_Collected data entries_
+---+

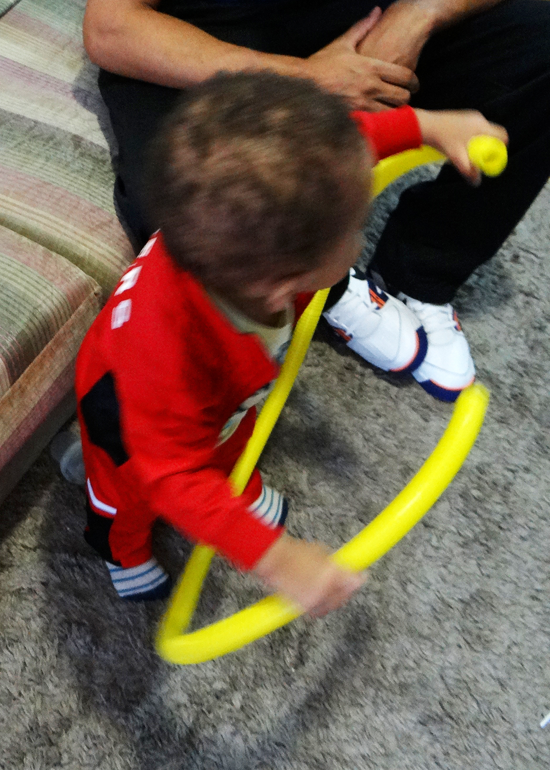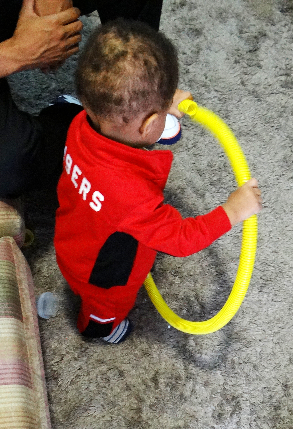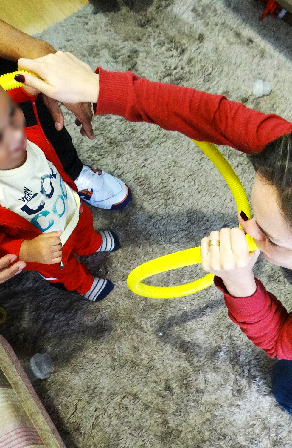 Depois, ele quis manusear o objeto sozinho, com as próprias mãos. Sentiu as várias ondinhas, tentou encaixar uma ponta na outra, formando um círculo, colocou na boca…
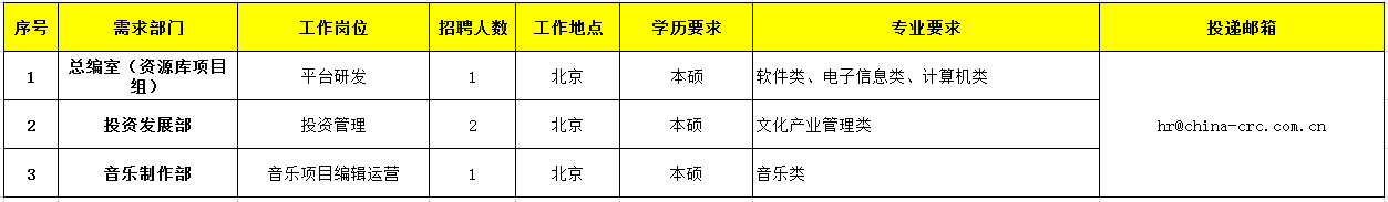 咨询电话:010-65255113-806 邮箱地址: hr@china-crc.com.cn
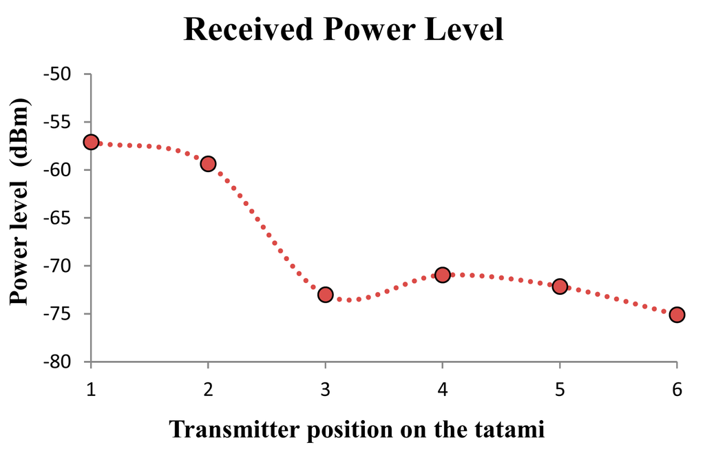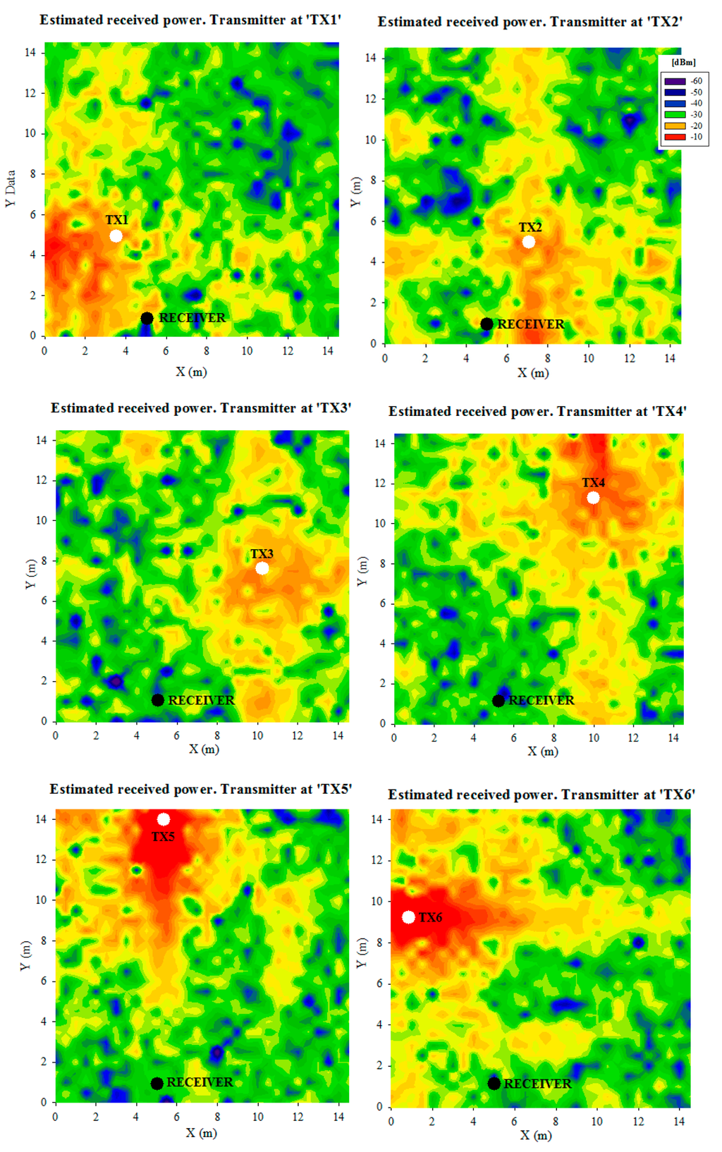 The measured power levels at receiver position for each of the mentioned six different positions of the transmitter along the perimeter of the tatami are shown in Figure 3. Thus, the radiopropagation from different distances can be analyzed. As can be seen in the obtained values, the distance between the transmitter and the receiver has an important impact on the received power, as it is expected. But it can be clearly seen how in some cases more power from further points (e.g., point TX4 versus point TX3) is received. This is mainly due to multipath propagation, which is the most relevant radiopropagation phenomenon within indoor environments.
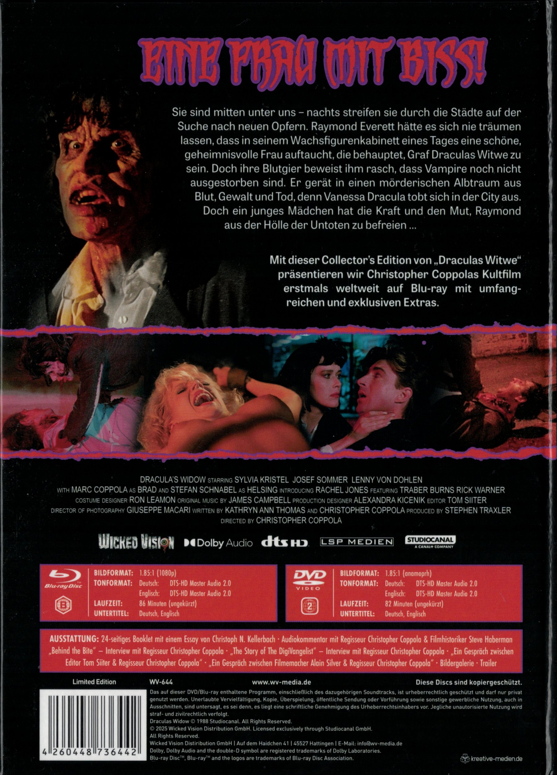 2-Disc Limited Collector's Edition (Blu-ray & DVD) im Mediabook - "Limitierte Auflage" (genaue Höhe nicht auf dem Backcover genannt; ebenso nicht einzeln nummeriert). Auf der Website von Wicked-Vision wird eine 666er-Limitierung genannt.
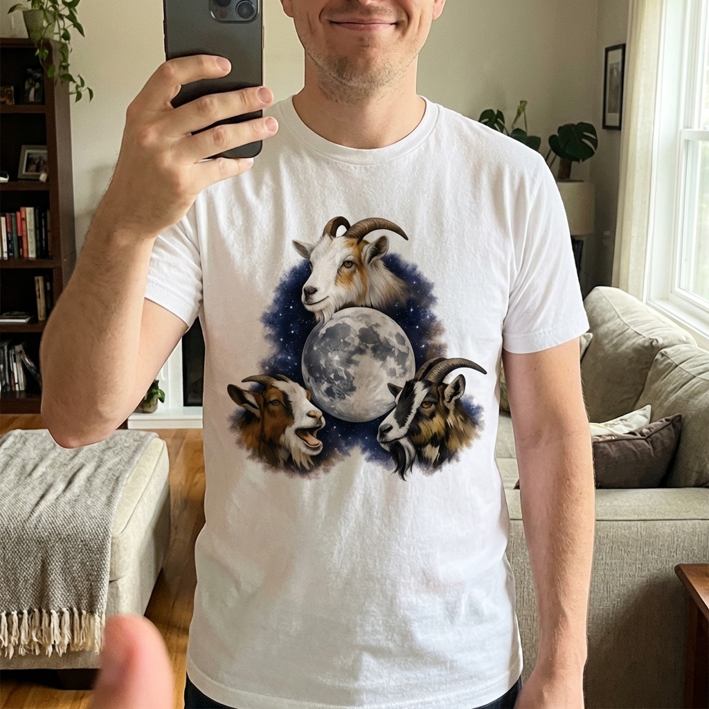 This mystical design captures the essence of curious goats exploring a cosmic night under the glow of a full moon.
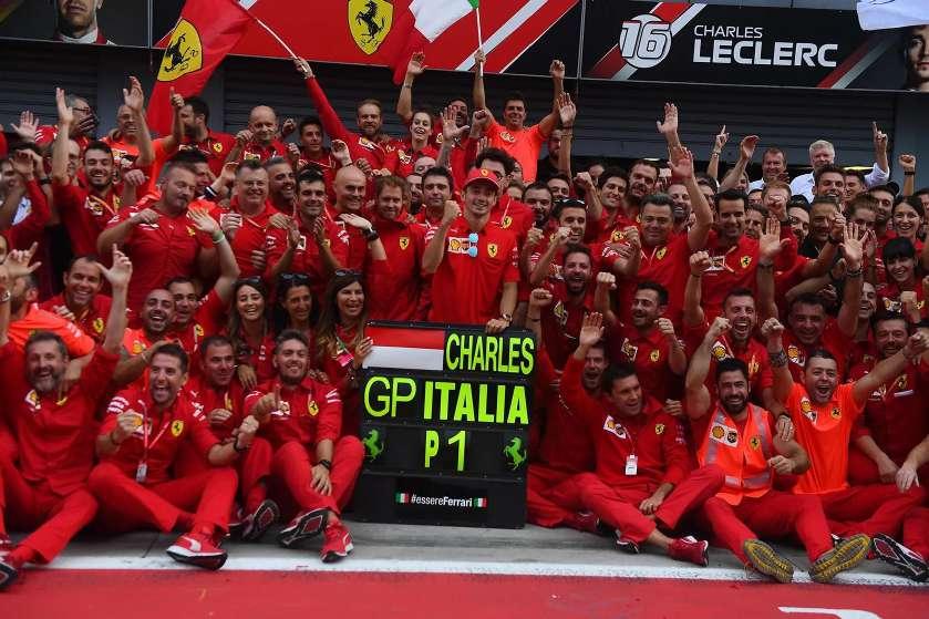 Charles Leclerc celebrates his race victory after the 2019 Italian GP.
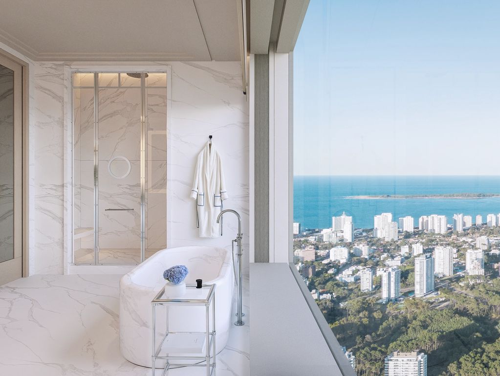 Concibidos por el renombrado arquitecto de interiores Hassen Balut, los sofisticados interiores están diseñados para realzar las vistas pintorescas de Punta del Este y más allá. Con cocinas personalizadas diseñadas específicamente para Cipriani y pisos de mármol importados de Italia, cada residencia ofrece amplias vistas al océano de Playa Brava o Playa Mansa y techos altos de 3.4 metros, con ter
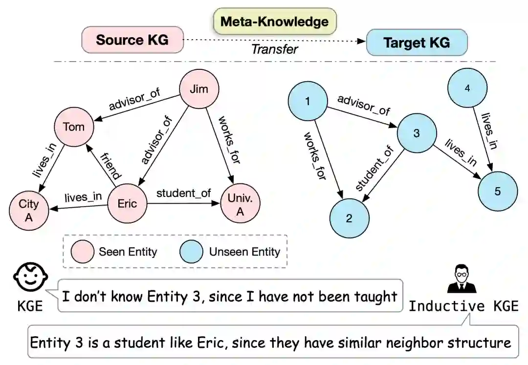 然而传统的KGE方法只能对训练阶段已经见过的实体进行预测和应用(即transductive,直推式场景),因为传统的KGE方法是对一个固定集合的实体学习嵌入表示。所以对知识图谱表示学习来说,可归纳式(inductive)场景更具有挑战,即在测试阶段中会出现训练阶段未见过(unseen)的新实体。如图1所示,在Source KG上训练好的KGE模型无法直接用于Target KG,因为Target KG中的实体在Source KG中没有出现过。
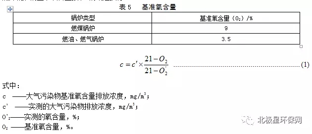 實(shí)測的鍋爐顆粒物、二氧化硫和氮氧化物排放濃度,必須按公式(1)折算為基準(zhǔn)氧含量排放濃度。燃煤鍋爐的基準(zhǔn)氧含量按表5的規(guī)定執(zhí)行。
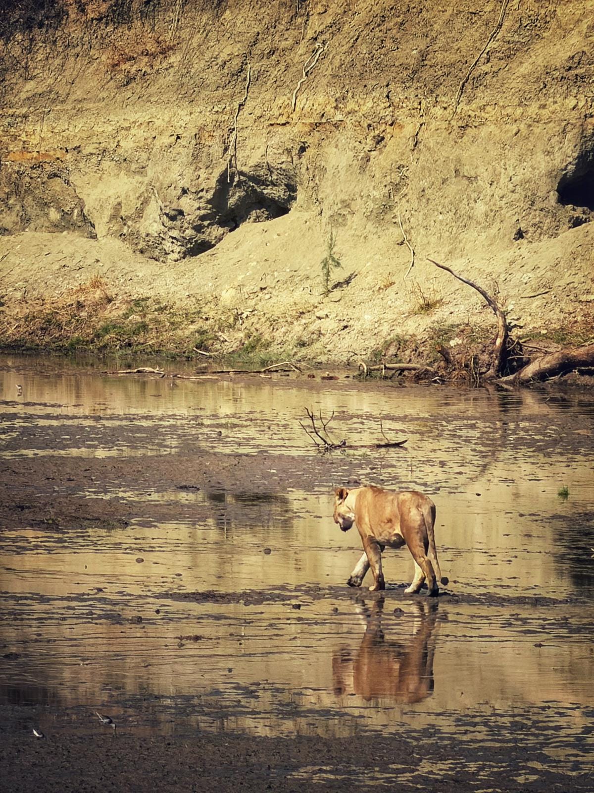 We saw three lions. This one heading upriver after leaving her mate by the river bank.
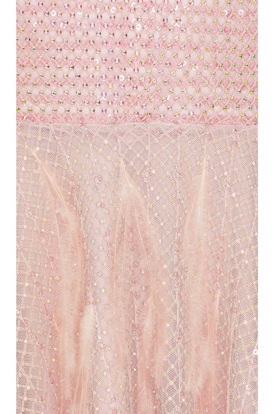 Mesh fabric overlay at skirt with feather accents - Neckline to hem measures approx 26″ in length
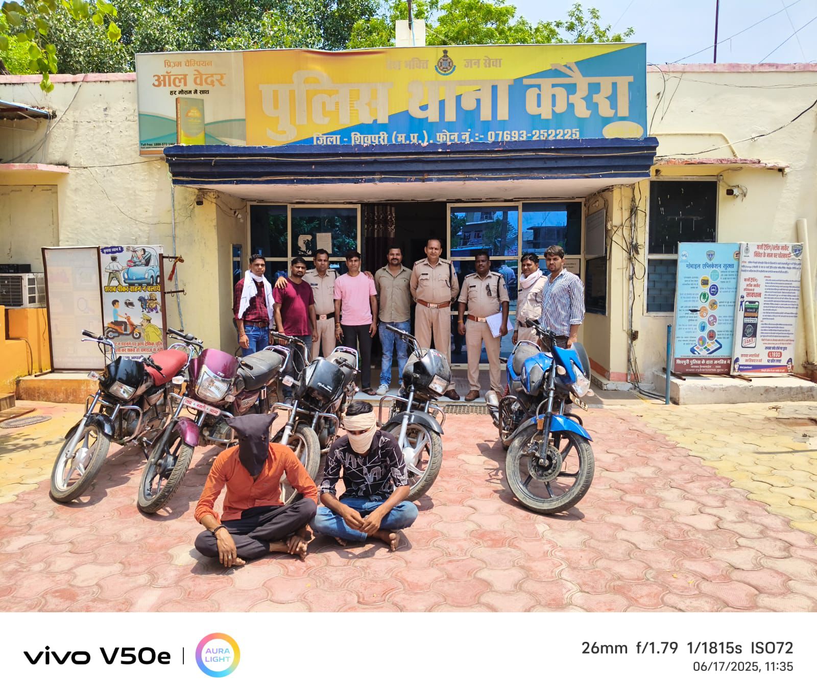 करैरा। पुलिस ने चोरी की मोटरसाइकिल सहित दो आरोपियों को गिरफ्तार किया है ,इनके कब्जे से 5 बाइक बरामद की है। पुलिस को मुखबिर द्वारा सूचना प्राप्त हुई कि धर्मबीर उर्फ धर्मा परिहार निवासी सिल्लारपुर का अपने साथी के साथ चोरी की मोटर सायकिल बेचने के लिये सोन चिरैया वोर्ड के पास ग्राम लंगूरी मे खडे हुये है । मुखबिर की सूचना की तस्दीक हेतु सोन चिरैया वोर्ड के पास ग्राम लंगूरी पहुचे तो मुखबिर के बताये हुलिया के दो लडके हीरो स्पलेण्डर काले रंग की बिना नम्बर की मोटर सायकिल पर बेठे दिखे जो पुलिस को देखकर भागने का प्रयास करने लगे । जिन्हे हमराही बल की मदद से पकडा जिनके नाम पता पूछने पर पहले ने अपना नाम धर्मबीर उर्फ धर्मा परिहार पुत्र रामेश्वर परिहार उम्र 23 साल निवासी सिल्लारपुर व पीछे बैठे लडके ने अपना नाम अमित पुत्र मंगल आहिरवार उम्र 24 साल निवासी वार्ड नं. 06 हरदौल मोहल्ला करैरा का होना बताया दोनो व्यक्तियों से मोटर साईकिल के संबंध में कागजात चाहे तो उन्होने कोई कागजात न होना बताया और पुलिस को गोल मोल जबाव देते रहे पुलिस को संदेह पक्का हो गया पुलिस ने दोनो से शख्ती से पूछताछ की तो भोपाल ,ग्वालियर से 05 मोटर सायकिलें चोरी करना बताया । उक्त आरोपीगण के कब्जे से 05 मोटर सायकिलों को विविधत जप्त कर आरोपीगणो को गिरफ्तार किया है ।
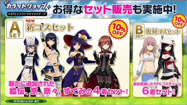 - 新規キャラと既存キャラの衣装がそれぞれ1割引で一括購入できるセット商品がある。
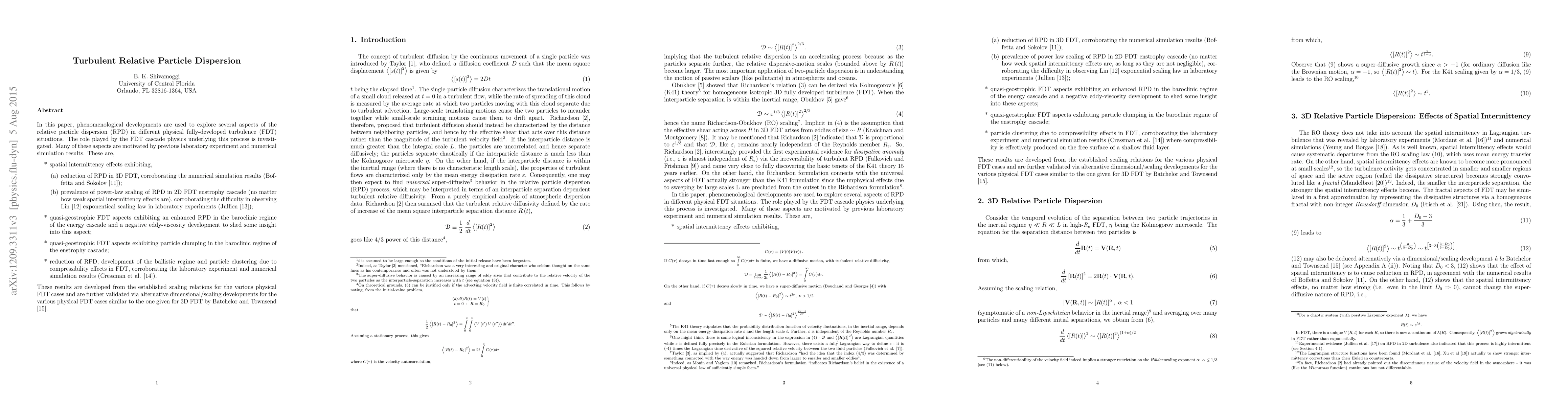 This research paper investigates the role of turbulence in relative particle dispersion, revealing key findings on spatial intermittency, power-law scaling, and compressibility effects that contradict previous laboratory experiment results.
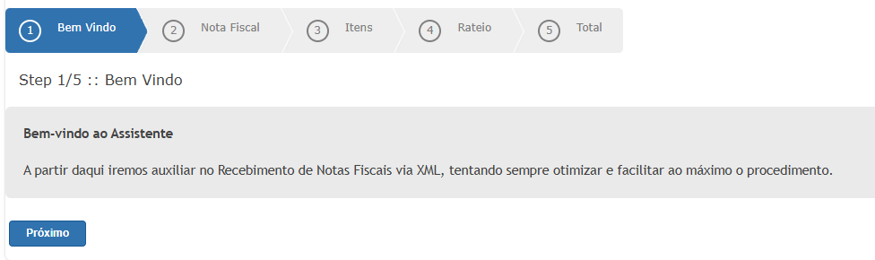 2) Assistente de Recebimento – Passo 1/5 :: Bem-vindo
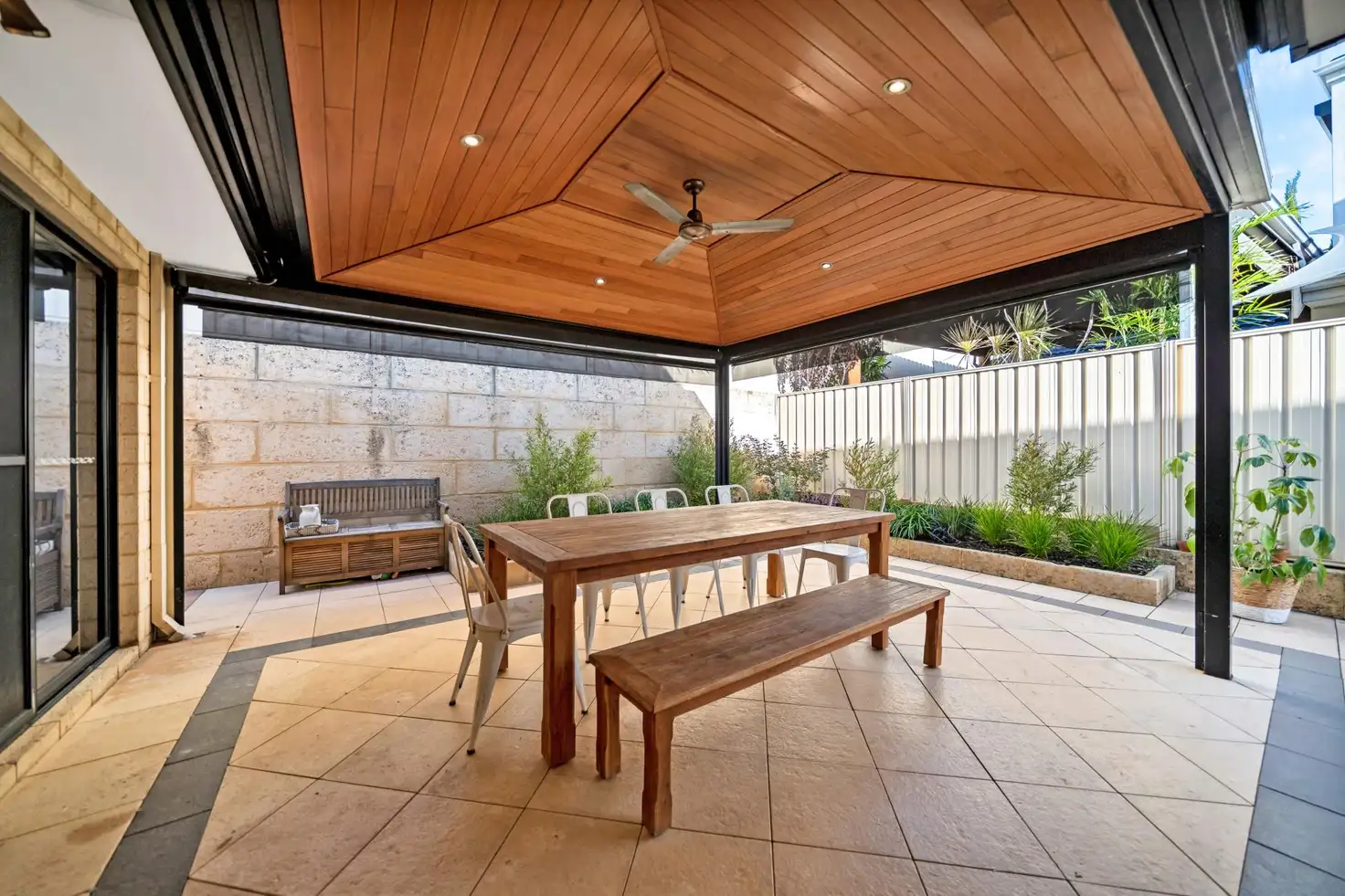 Open the glass doors and step out onto the relaxing cedar-lined alfresco area, complete with a ceiling fan to keep you cool during the summer months. Here, you can relish endless moments of relaxation with landscaped garden beds and grassed area for the kids or four-legged family members to enjoy and create lasting memories for years to come.

+---+

_Exercise brief_
Only the pictures may be dropped; print every record exactly as given.

_Finished task_
 Depois, ele quis manusear o objeto sozinho, com as próprias mãos. Sentiu as várias ondinhas, tentou encaixar uma ponta na outra, formando um círculo, colocou na boca…
 咨询电话:010-65255113-806 邮箱地址: hr@china-crc.com.cn
 The measured power levels at receiver position for each of the mentioned six different positions of the transmitter along the perimeter of the tatami are shown in Figure 3. Thus, the radiopropagation from different distances can be analyzed. As can be seen in the obtained values, the distance between the transmitter and the receiver has an important impact on the received power, as it is expected. But it can be clearly seen how in some cases more power from further points (e.g., point TX4 versus point TX3) is received. This is mainly due to multipath propagation, which is the most relevant radiopropagation phenomenon within indoor environments.
 2-Disc Limited Collector's Edition (Blu-ray & DVD) im Mediabook - "Limitierte Auflage" (genaue Höhe nicht auf dem Backcover genannt; ebenso nicht einzeln nummeriert). Auf der Website von Wicked-Vision wird eine 666er-Limitierung genannt.
 This mystical design captures the essence of curious goats exploring a cosmic night under the glow of a full moon.
 Charles Leclerc celebrates his race victory after the 2019 Italian GP.
 Concibidos por el renombrado arquitecto de interiores Hassen Balut, los sofisticados interiores están diseñados para realzar las vistas pintorescas de Punta del Este y más allá. Con cocinas personalizadas diseñadas específicamente para Cipriani y pisos de mármol importados de Italia, cada residencia ofrece amplias vistas al océano de Playa Brava o Playa Mansa y techos altos de 3.4 metros, con ter
 然而传统的KGE方法只能对训练阶段已经见过的实体进行预测和应用(即transductive,直推式场景),因为传统的KGE方法是对一个固定集合的实体学习嵌入表示。所以对知识图谱表示学习来说,可归纳式(inductive)场景更具有挑战,即在测试阶段中会出现训练阶段未见过(unseen)的新实体。如图1所示,在Source KG上训练好的KGE模型无法直接用于Target KG,因为Target KG中的实体在Source KG中没有出现过。
 實(shí)測的鍋爐顆粒物、二氧化硫和氮氧化物排放濃度,必須按公式(1)折算為基準(zhǔn)氧含量排放濃度。燃煤鍋爐的基準(zhǔn)氧含量按表5的規(guī)定執(zhí)行。
 We saw three lions. This one heading upriver after leaving her mate by the river bank.
 Mesh fabric overlay at skirt with feather accents - Neckline to hem measures approx 26″ in length
 करैरा। पुलिस ने चोरी की मोटरसाइकिल सहित दो आरोपियों को गिरफ्तार किया है ,इनके कब्जे से 5 बाइक बरामद की है। पुलिस को मुखबिर द्वारा सूचना प्राप्त हुई कि धर्मबीर उर्फ धर्मा परिहार निवासी सिल्लारपुर का अपने साथी के साथ चोरी की मोटर सायकिल बेचने के लिये सोन चिरैया वोर्ड के पास ग्राम लंगूरी मे खडे हुये है । मुखबिर की सूचना की तस्दीक हेतु सोन चिरैया वोर्ड के पास ग्राम लंगूरी पहुचे तो मुखबिर के बताये हुलिया के दो लडके हीरो स्पलेण्डर काले रंग की बिना नम्बर की मोटर सायकिल पर बेठे दिखे जो पुलिस को देखकर भागने का प्रयास करने लगे । जिन्हे हमराही बल की मदद से पकडा जिनके नाम पता पूछने पर पहले ने अपना नाम धर्मबीर उर्फ धर्मा परिहार पुत्र रामेश्वर परिहार उम्र 23 साल निवासी सिल्लारपुर व पीछे बैठे लडके ने अपना नाम अमित पुत्र मंगल आहिरवार उम्र 24 साल निवासी वार्ड नं. 06 हरदौल मोहल्ला करैरा का होना बताया दोनो व्यक्तियों से मोटर साईकिल के संबंध में कागजात चाहे तो उन्होने कोई कागजात न होना बताया और पुलिस को गोल मोल जबाव देते रहे पुलिस को संदेह पक्का हो गया पुलिस ने दोनो से शख्ती से पूछताछ की तो भोपाल ,ग्वालियर से 05 मोटर सायकिलें चोरी करना बताया । उक्त आरोपीगण के कब्जे से 05 मोटर सायकिलों को विविधत जप्त कर आरोपीगणो को गिरफ्तार किया है ।
 - 新規キャラと既存キャラの衣装がそれぞれ1割引で一括購入できるセット商品がある。
 This research paper investigates the role of turbulence in relative particle dispersion, revealing key findings on spatial intermittency, power-law scaling, and compressibility effects that contradict previous laboratory experiment results.
 2) Assistente de Recebimento – Passo 1/5 :: Bem-vindo
 Open the glass doors and step out onto the relaxing cedar-lined alfresco area, complete with a ceiling fan to keep you cool during the summer months. Here, you can relish endless moments of relaxation with landscaped garden beds and grassed area for the kids or four-legged family members to enjoy and create lasting memories for years to come.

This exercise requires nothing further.